_Work required_
Retype only the lines running from the beginning of the entries below to the line with "y ya está lista", both included. Do not include pictures.

Available records Start Marker

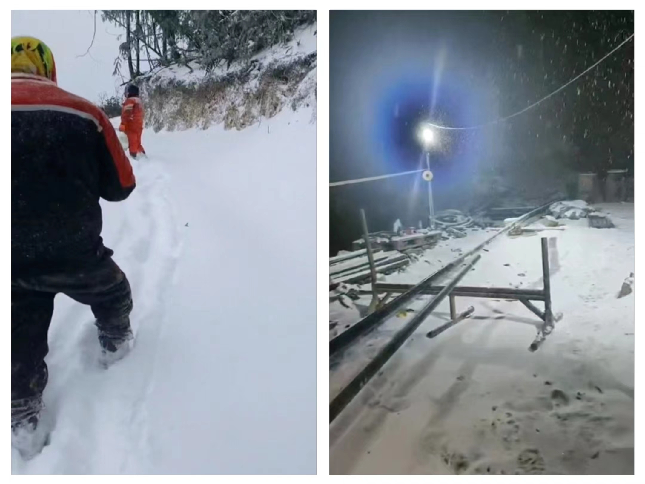 施工过程中,部分村民无理阻工,多次封锁施工道路,导致钻机反复停工,孔内隐患加剧。此时正值极端雨雪冰冻天气,现场最低气温降至零下10℃,机台积雪最厚达40cm,水管、柴油机被冻结。机台安排专人全天不时敲击水管,抽水机保持二十四小时运转,以保证施工用水。大雪封路,项目负责人朱贤组织人员肩挑背扛,将原材料及钻机易耗件搬运至施工现场。工作人员发扬勇于拼博、善于斗争的精神,与天斗、与地斗,全力推进施工进度。
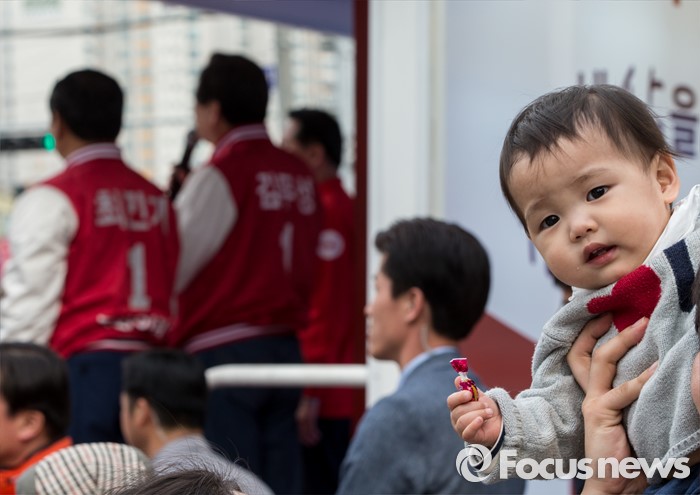 (천안=포커스뉴스) 6일 오후 충남 천안 두정로에서 열린 최민기 새누리당 천안시을 후보 지원유세에서 한 어린이가 호기심 어린 표정을 짓고 있다.
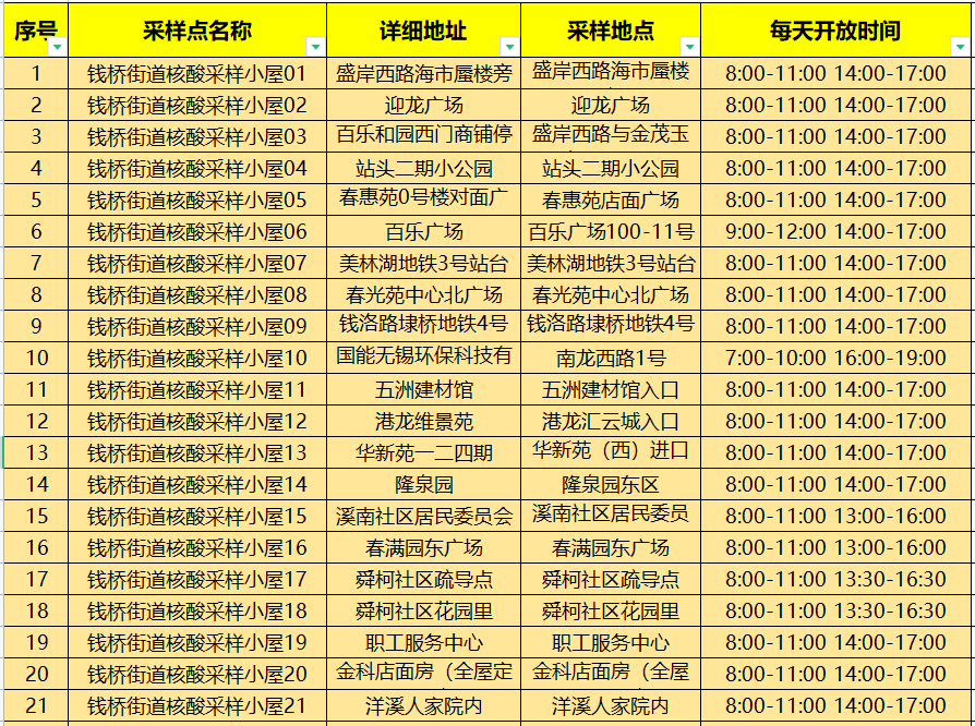 无锡钱桥街道核酸采样小屋地址+开放时间
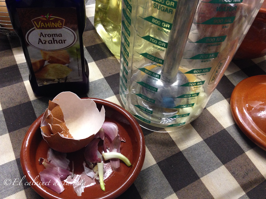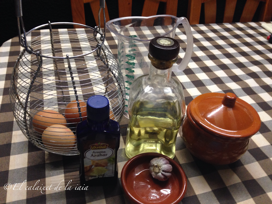 y ya está lista nuestra ajonesa de azahar, si no os gusta el ajo, podéis suprimirlo perfectamente y queda una mayonesa muy suave con sabor a naranja que da un toque fabuloso a éstas albóndigas. Reservamos en el frigo.
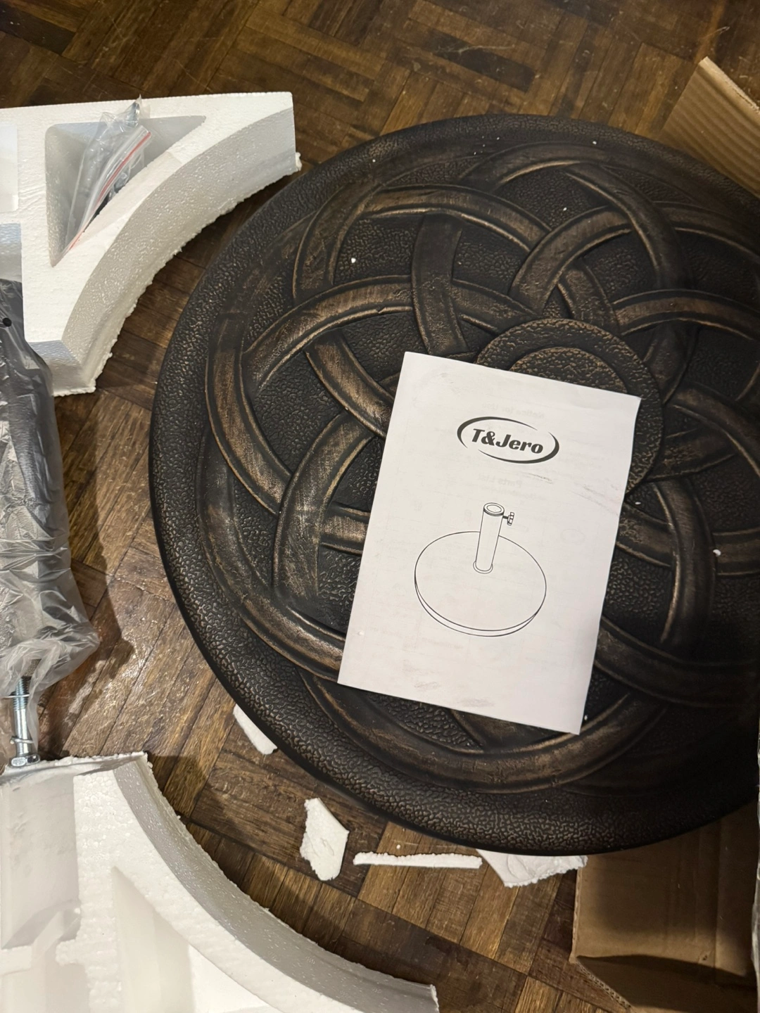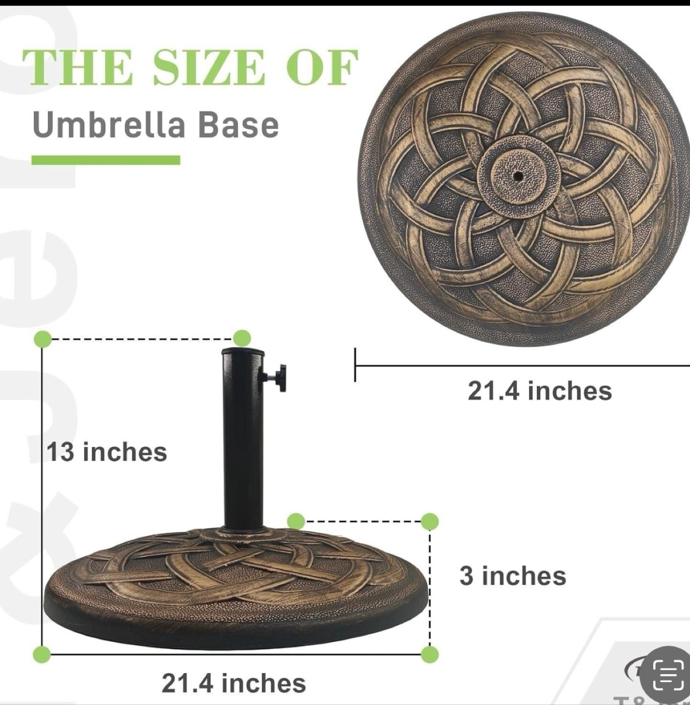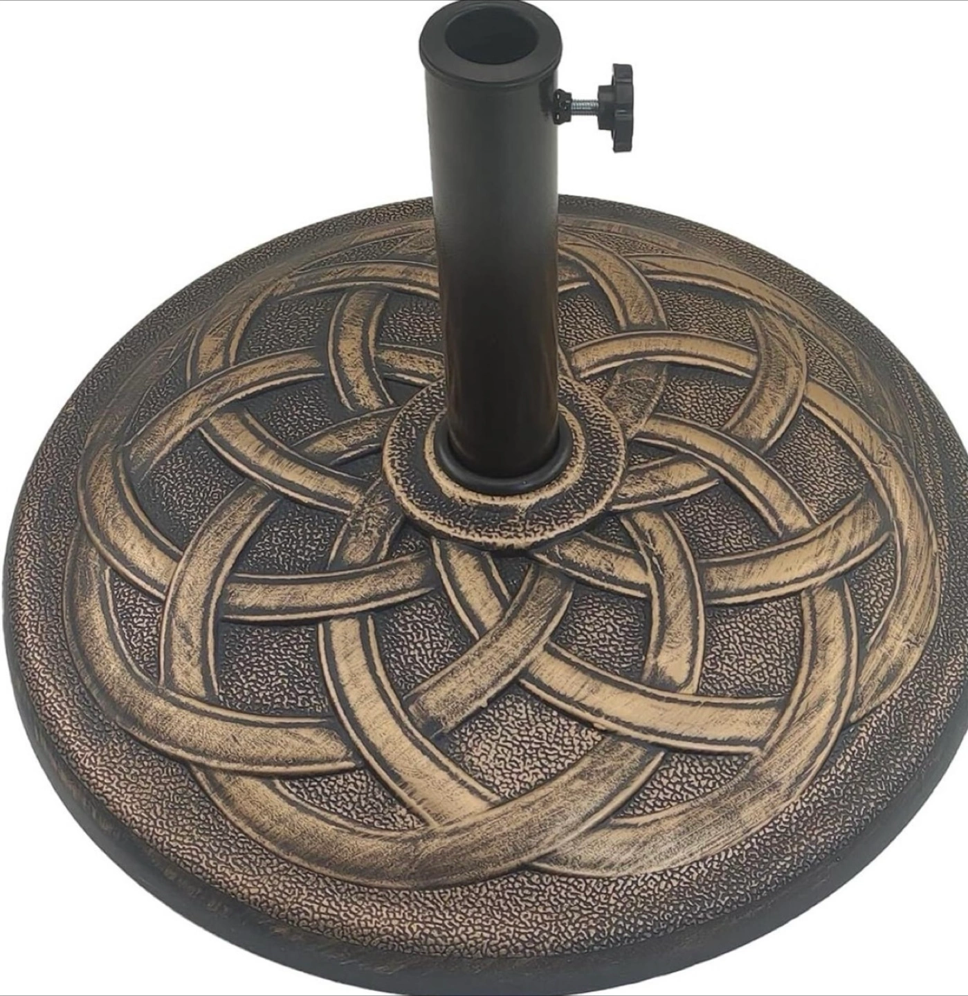 Durability Anti-rust resin concrete material and powder coated metal stem make it everlasting for outside use Elegant appearance Cast iron look with olympic ring pattern and bronze finish add extra ambience Easy to assemble It only takes a few minutes for one person to set it up. No additional tool is needed Maneuverability Equipped with adjustable holders to fit umbrella pole diameter from 1.5 to 2 inch Sturdiness This 21.5" large umbrella base is stable enough to support all sizes of market umbrellas using freestanding or together with a table

Available records End Marker

_Result for this task_
 施工过程中,部分村民无理阻工,多次封锁施工道路,导致钻机反复停工,孔内隐患加剧。此时正值极端雨雪冰冻天气,现场最低气温降至零下10℃,机台积雪最厚达40cm,水管、柴油机被冻结。机台安排专人全天不时敲击水管,抽水机保持二十四小时运转,以保证施工用水。大雪封路,项目负责人朱贤组织人员肩挑背扛,将原材料及钻机易耗件搬运至施工现场。工作人员发扬勇于拼博、善于斗争的精神,与天斗、与地斗,全力推进施工进度。
 (천안=포커스뉴스) 6일 오후 충남 천안 두정로에서 열린 최민기 새누리당 천안시을 후보 지원유세에서 한 어린이가 호기심 어린 표정을 짓고 있다.
 无锡钱桥街道核酸采样小屋地址+开放时间
 y ya está lista nuestra ajonesa de azahar, si no os gusta el ajo, podéis suprimirlo perfectamente y queda una mayonesa muy suave con sabor a naranja que da un toque fabuloso a éstas albóndigas. Reservamos en el frigo.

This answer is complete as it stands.